Every line from the start of the records through the line with "Hãy ghép đúng" is to be written out exactly; pictures are not.
(Supplied records)
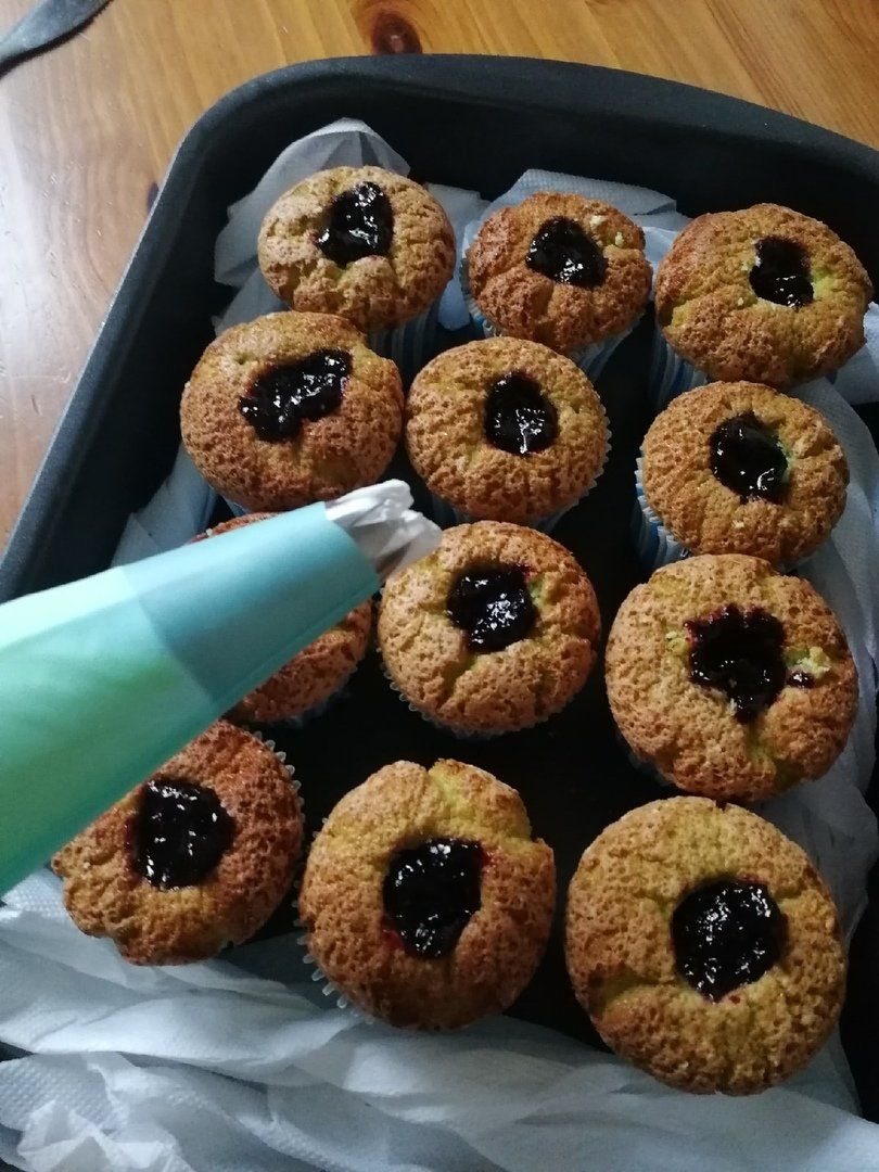 В кексы положила на сей раз чернично-смородиновый конфитюр
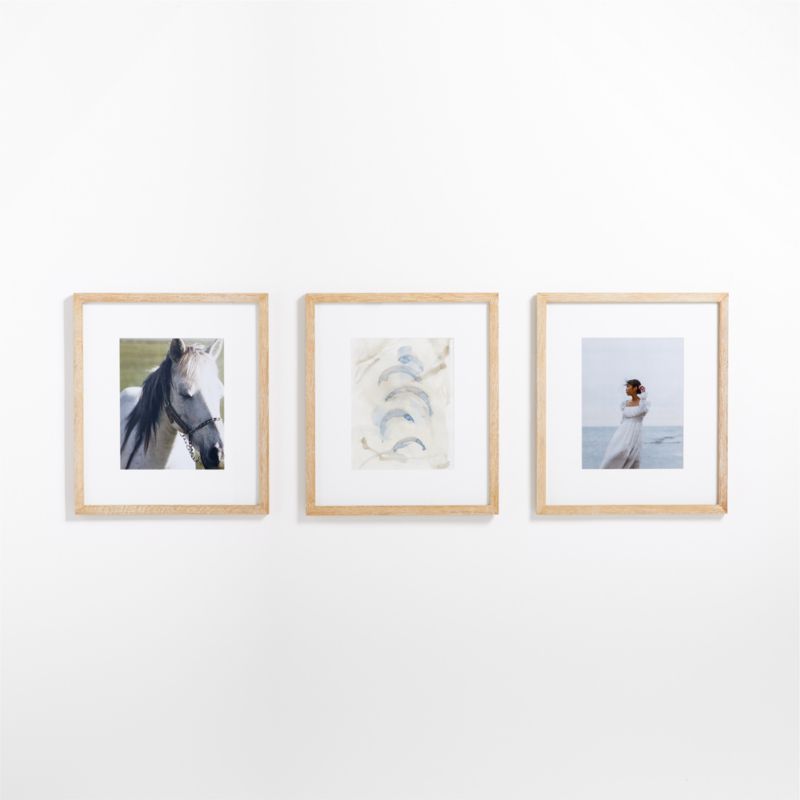 Create an instant gallery wall with this three-frame set. Our solid oak frames add organic warmth to photo displays with their flowing grain and off-white mats. A Crate & Barrel exclusive, the trio of 11"x14" light oak wood frames can be displayed in a vertical or horizontal line or arranged as a staggered gallery wall.
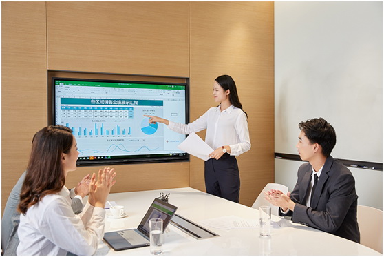 中盈地产的智慧办公空间注重多元化与个性化,建有现代化开放式讨论区,在这里,newline会议平板将科技感与时尚感融为一体,让办公区域空间具备灵活可塑的功能性,实现了高效率沟通协作。
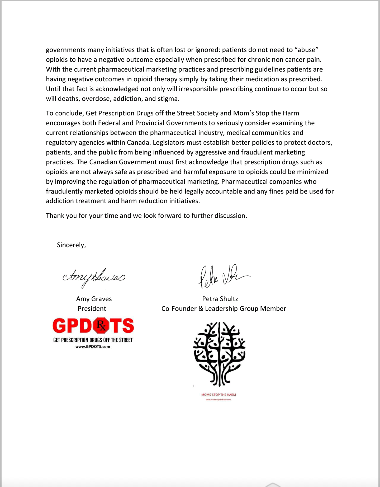 Thank you Amy, That is a thorough, well spoken letter. Canada really needs a big lawsuit against the fraudulent claims of Big Pharma to wake people up to the crisis and to fund real recovery from addiction, not just methadone treatments— which adds another need for drugs. Once again, who benefits — the drug manufacturer. Thanks for your work. Darlene Karamanos– the person who gave you your first donation in Kentville 🙂
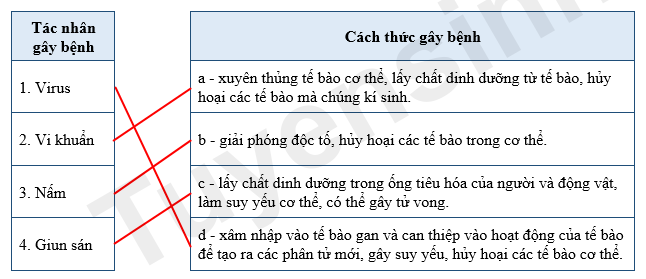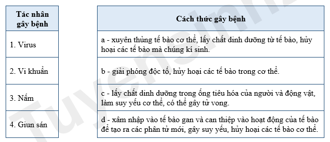 Hãy ghép đúng các tác nhân gây bệnh sinh học với cách thức gây bệnh
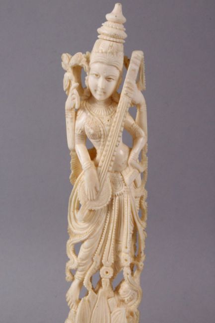 A 19TH CENTURY INDIAN CARVED IVORY FIGURE OF SARASWATI, 19cm high.
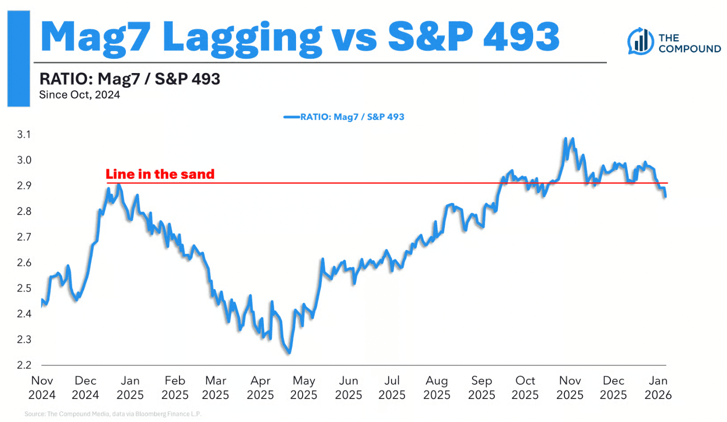 If you examine the ratio of the Magnificent Seven to the remaining 493 stocks in the S&P 500 you’ll notice something striking. That ratio has declined sharply in recent weeks, meaning big tech is no longer outperforming the rest of the market. Your eyesight isn’t letting you down, the Mag7 have indeed started 2026 as underperformers.
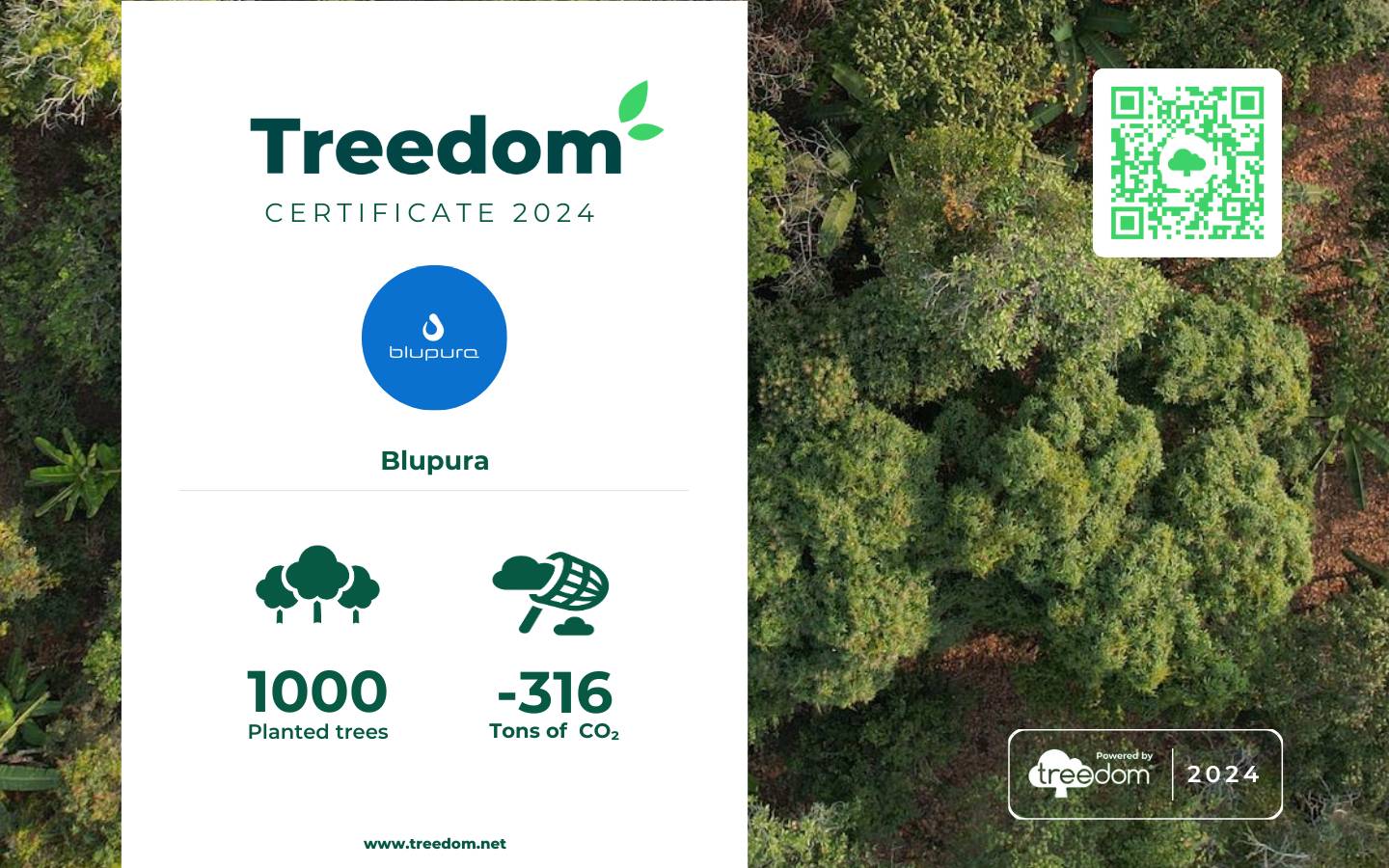 The Blupura Greenwood trees will contribute to improving biodiversity, combating soil erosion, and creating sustainable ecosystems. Thanks to the collaboration with Treedom, each tree will have a geolocated online page where its growth and positive impact can be tracked.
(End Supplied records)
◆ **Reply to the task**
 В кексы положила на сей раз чернично-смородиновый конфитюр
 Create an instant gallery wall with this three-frame set. Our solid oak frames add organic warmth to photo displays with their flowing grain and off-white mats. A Crate & Barrel exclusive, the trio of 11"x14" light oak wood frames can be displayed in a vertical or horizontal line or arranged as a staggered gallery wall.
 中盈地产的智慧办公空间注重多元化与个性化,建有现代化开放式讨论区,在这里,newline会议平板将科技感与时尚感融为一体,让办公区域空间具备灵活可塑的功能性,实现了高效率沟通协作。
 Thank you Amy, That is a thorough, well spoken letter. Canada really needs a big lawsuit against the fraudulent claims of Big Pharma to wake people up to the crisis and to fund real recovery from addiction, not just methadone treatments— which adds another need for drugs. Once again, who benefits — the drug manufacturer. Thanks for your work. Darlene Karamanos– the person who gave you your first donation in Kentville 🙂
 Hãy ghép đúng các tác nhân gây bệnh sinh học với cách thức gây bệnh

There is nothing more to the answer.